• _WORK ORDER_: Quote the material exactly from the line that contains "髙嶺 退院さんの総格は47画の5点!" through its last line. Any pictures are to be left out.

Top of SUPPLIED DATA

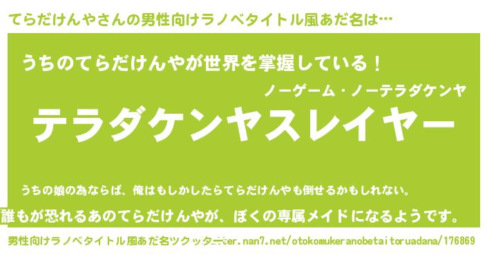 | 胡散臭い通販商品みたいなあだ名 | 『絶対に幸福をもたらす水素水…その名も「てらだけんや」』 |
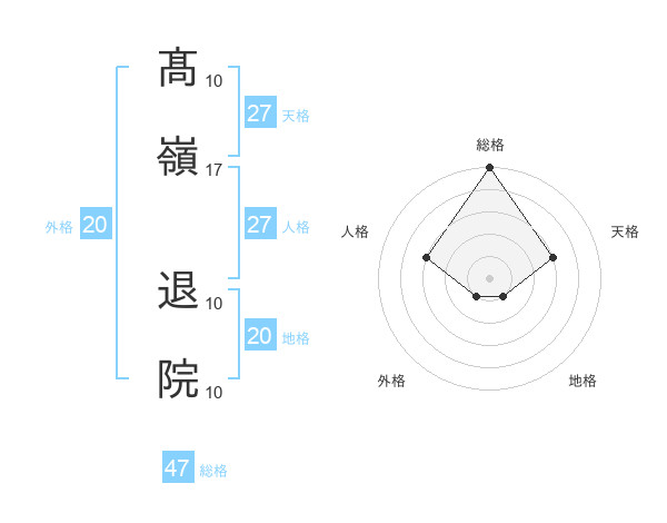 髙嶺 退院さんの総格は47画の5点!
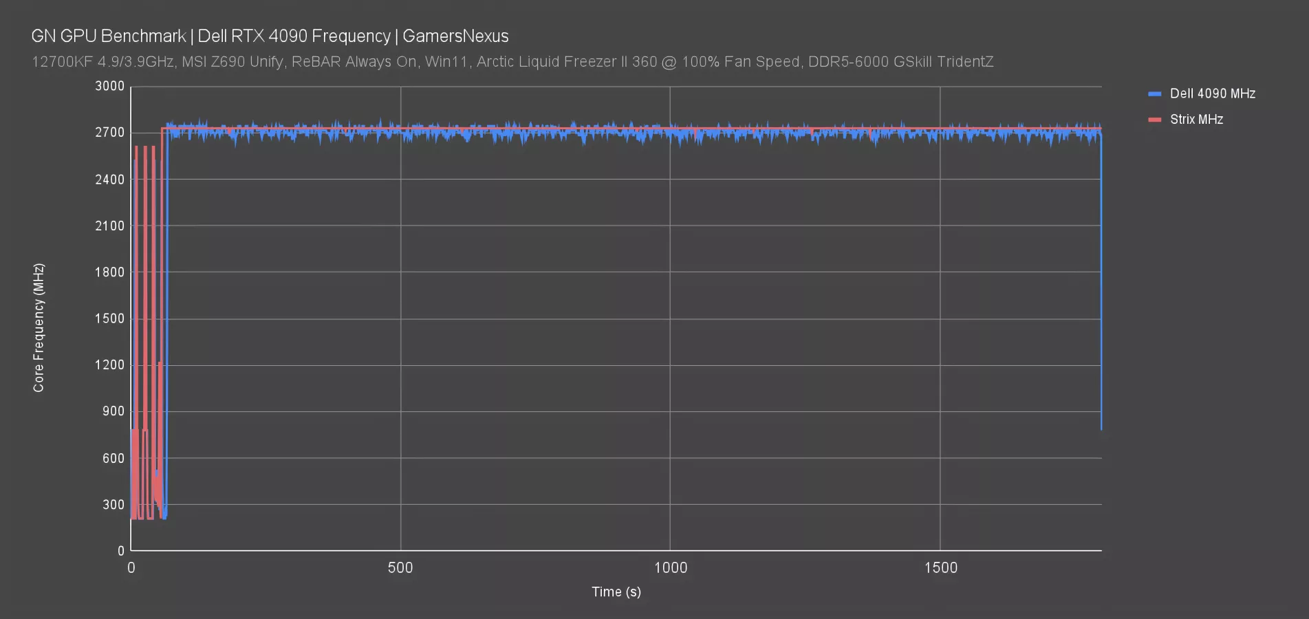 Adding the Strix to the plot demonstrates that: It’s at a flat 2730MHz, whereas the Dell card ranges from 2650 to about 2745MHz. Dell is hitting a power perfcap limit, whereas the Strix is hitting a voltage reliability limit. To flatten this frequency and boost higher, Dell would need to allow VBIOS to pull more power. We could do that ourselves, but it’s locked to 100% in OC software.
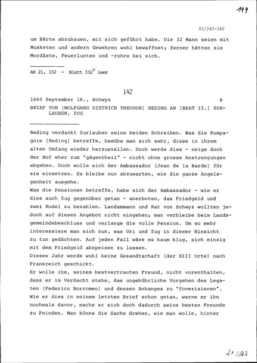 Schreiben von Wolfgang Dietrich Theodor Reding an Beat II. Zurlauben, Zug

Bottom of SUPPLIED DATA

• _WRITTEN SOLUTION_:
 髙嶺 退院さんの総格は47画の5点!
 Adding the Strix to the plot demonstrates that: It’s at a flat 2730MHz, whereas the Dell card ranges from 2650 to about 2745MHz. Dell is hitting a power perfcap limit, whereas the Strix is hitting a voltage reliability limit. To flatten this frequency and boost higher, Dell would need to allow VBIOS to pull more power. We could do that ourselves, but it’s locked to 100% in OC software.
 Schreiben von Wolfgang Dietrich Theodor Reding an Beat II. Zurlauben, Zug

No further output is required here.